## What this task involves:
In the listing below, find the line containing "Wooden Forest Urn" and the line containing "Nous sommes fiers", then copy exactly everything from the first through the second, except the pictures.

## Data excerpts:
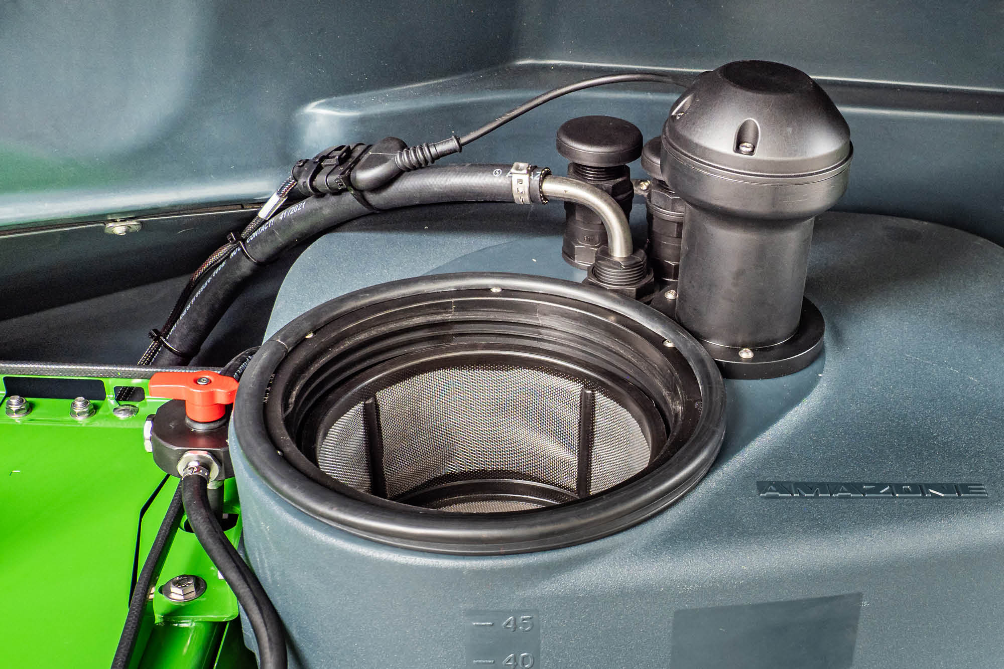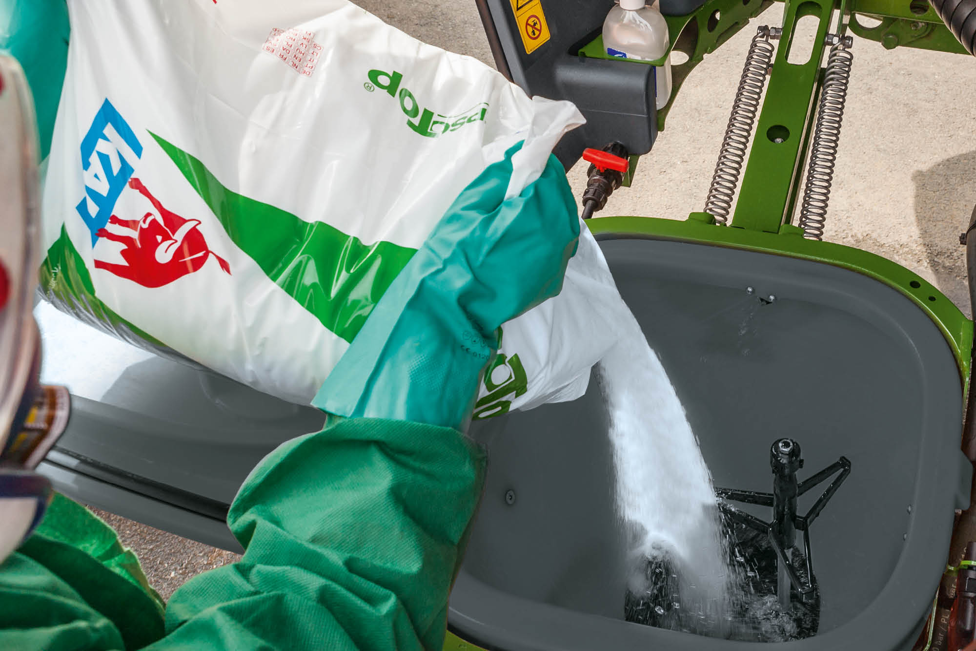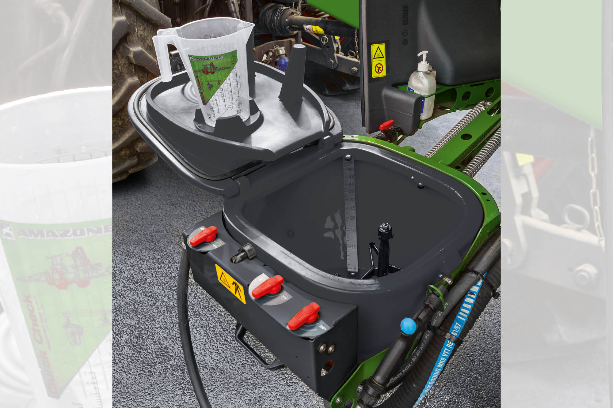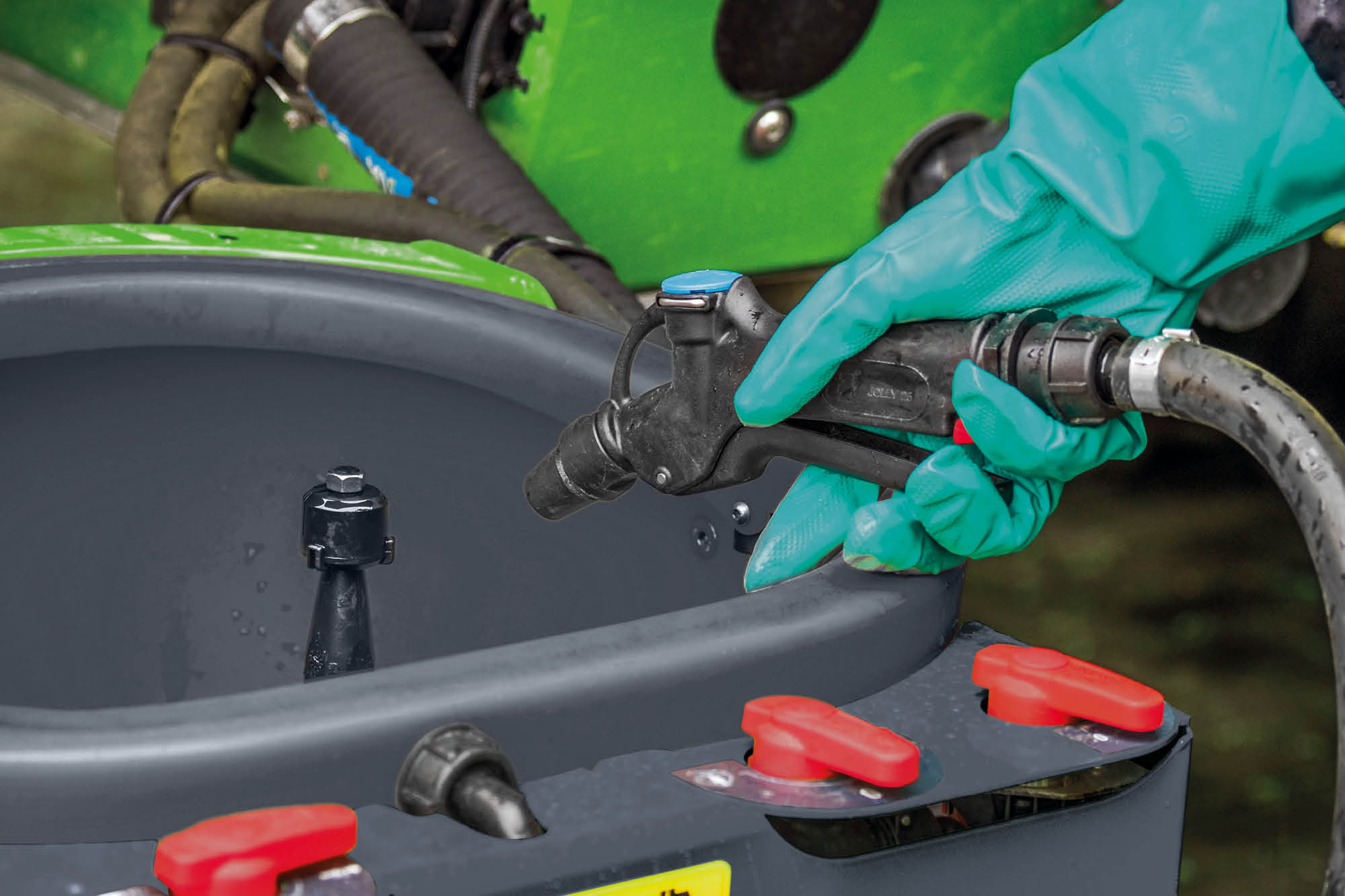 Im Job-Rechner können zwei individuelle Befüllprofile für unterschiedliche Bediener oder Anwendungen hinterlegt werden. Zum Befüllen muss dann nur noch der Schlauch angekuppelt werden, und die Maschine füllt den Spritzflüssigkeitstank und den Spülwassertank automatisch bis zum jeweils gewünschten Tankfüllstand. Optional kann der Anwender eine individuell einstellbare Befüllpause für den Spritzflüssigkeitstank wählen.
* * *
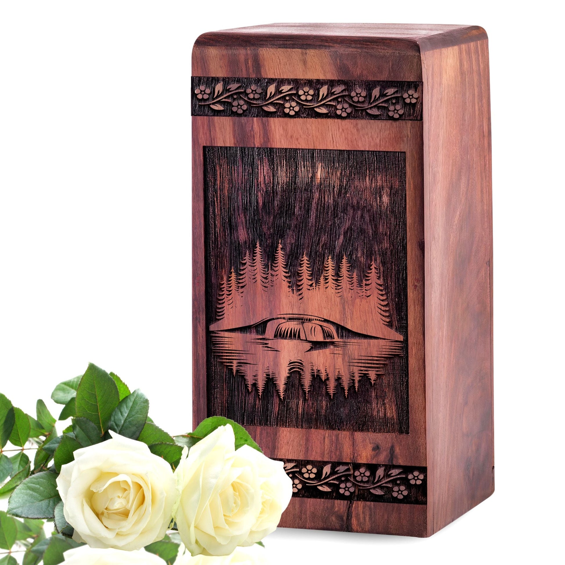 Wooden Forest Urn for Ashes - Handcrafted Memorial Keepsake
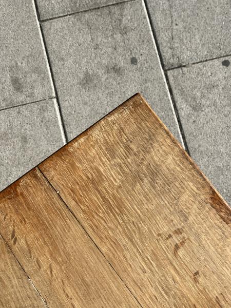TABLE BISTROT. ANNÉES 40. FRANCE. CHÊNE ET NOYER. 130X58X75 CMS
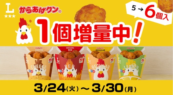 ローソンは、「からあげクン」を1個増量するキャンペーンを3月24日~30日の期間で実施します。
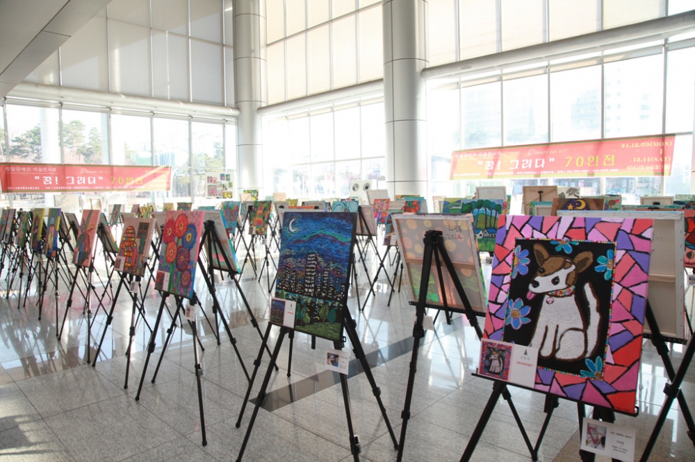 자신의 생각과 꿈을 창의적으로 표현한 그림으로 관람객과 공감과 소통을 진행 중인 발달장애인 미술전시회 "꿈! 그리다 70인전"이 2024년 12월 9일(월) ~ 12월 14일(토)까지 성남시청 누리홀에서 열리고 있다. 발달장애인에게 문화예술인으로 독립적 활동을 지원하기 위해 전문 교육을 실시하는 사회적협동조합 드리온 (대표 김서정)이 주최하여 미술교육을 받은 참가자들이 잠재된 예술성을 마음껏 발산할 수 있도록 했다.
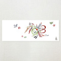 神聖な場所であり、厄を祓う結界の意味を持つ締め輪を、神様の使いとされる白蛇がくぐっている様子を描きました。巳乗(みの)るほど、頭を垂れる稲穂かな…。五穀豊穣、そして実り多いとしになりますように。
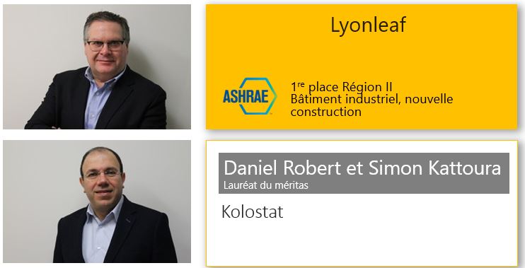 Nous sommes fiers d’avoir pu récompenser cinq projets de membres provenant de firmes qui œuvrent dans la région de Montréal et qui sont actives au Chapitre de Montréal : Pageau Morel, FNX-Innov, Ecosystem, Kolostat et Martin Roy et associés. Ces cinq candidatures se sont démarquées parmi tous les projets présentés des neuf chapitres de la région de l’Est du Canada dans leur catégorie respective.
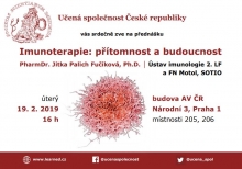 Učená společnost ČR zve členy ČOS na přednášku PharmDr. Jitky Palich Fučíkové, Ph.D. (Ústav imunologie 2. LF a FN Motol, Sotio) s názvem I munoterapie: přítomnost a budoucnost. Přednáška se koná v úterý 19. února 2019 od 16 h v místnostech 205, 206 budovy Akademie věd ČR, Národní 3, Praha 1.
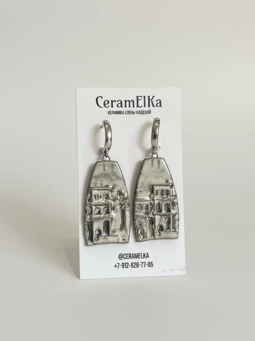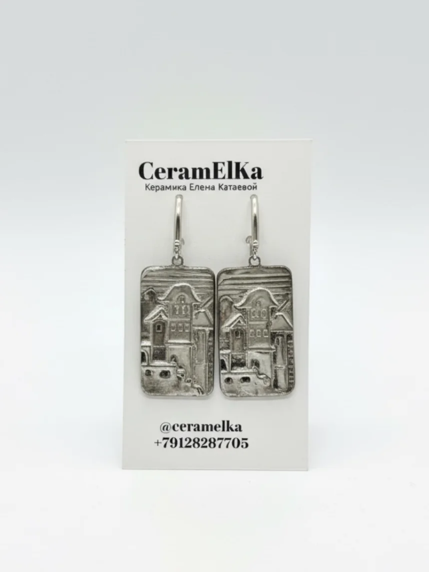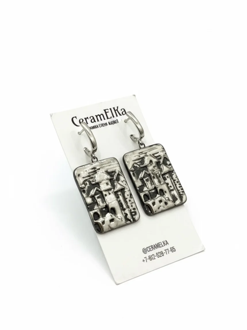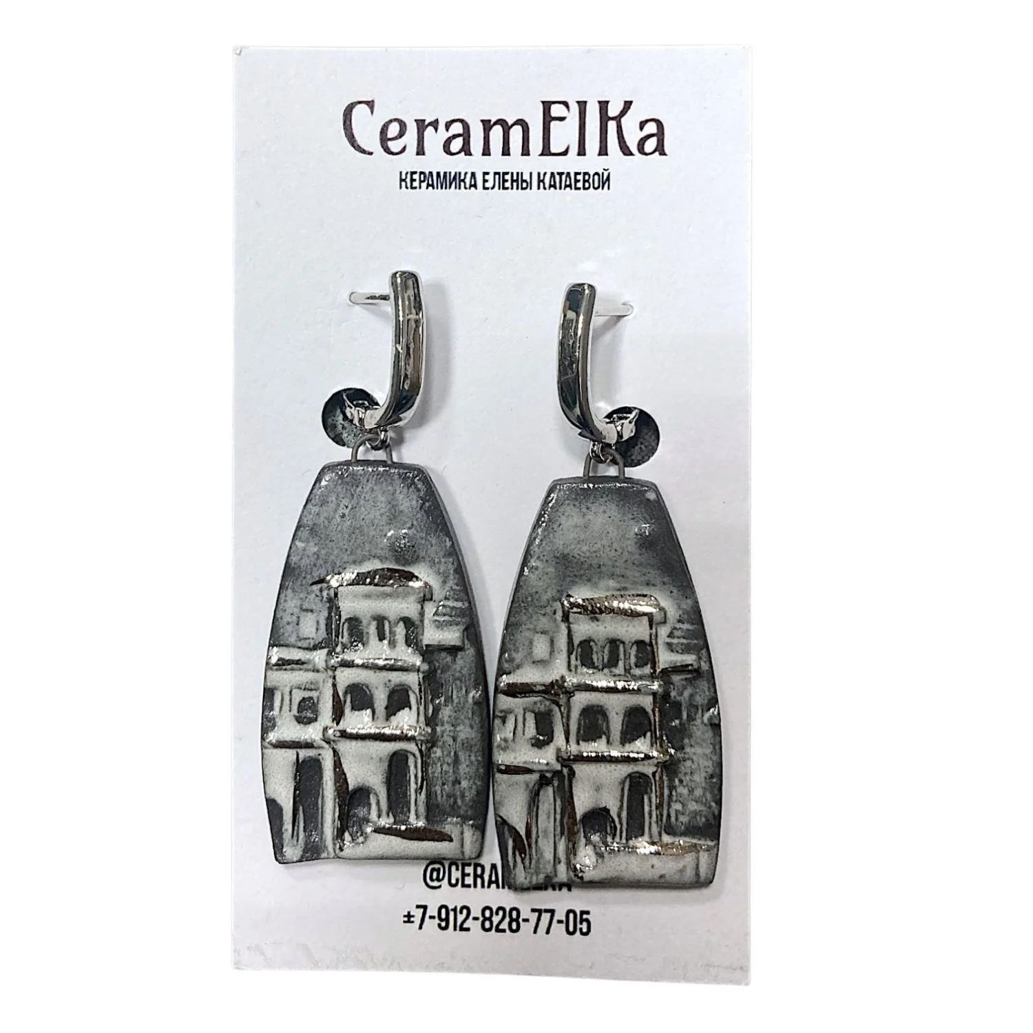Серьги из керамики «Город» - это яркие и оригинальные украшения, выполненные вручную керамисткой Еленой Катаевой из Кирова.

## Reply to the task:
 Wooden Forest Urn for Ashes - Handcrafted Memorial Keepsake
TABLE BISTROT. ANNÉES 40. FRANCE. CHÊNE ET NOYER. 130X58X75 CMS
 ローソンは、「からあげクン」を1個増量するキャンペーンを3月24日~30日の期間で実施します。
 자신의 생각과 꿈을 창의적으로 표현한 그림으로 관람객과 공감과 소통을 진행 중인 발달장애인 미술전시회 "꿈! 그리다 70인전"이 2024년 12월 9일(월) ~ 12월 14일(토)까지 성남시청 누리홀에서 열리고 있다. 발달장애인에게 문화예술인으로 독립적 활동을 지원하기 위해 전문 교육을 실시하는 사회적협동조합 드리온 (대표 김서정)이 주최하여 미술교육을 받은 참가자들이 잠재된 예술성을 마음껏 발산할 수 있도록 했다.
 神聖な場所であり、厄を祓う結界の意味を持つ締め輪を、神様の使いとされる白蛇がくぐっている様子を描きました。巳乗(みの)るほど、頭を垂れる稲穂かな…。五穀豊穣、そして実り多いとしになりますように。
 Nous sommes fiers d’avoir pu récompenser cinq projets de membres provenant de firmes qui œuvrent dans la région de Montréal et qui sont actives au Chapitre de Montréal : Pageau Morel, FNX-Innov, Ecosystem, Kolostat et Martin Roy et associés. Ces cinq candidatures se sont démarquées parmi tous les projets présentés des neuf chapitres de la région de l’Est du Canada dans leur catégorie respective.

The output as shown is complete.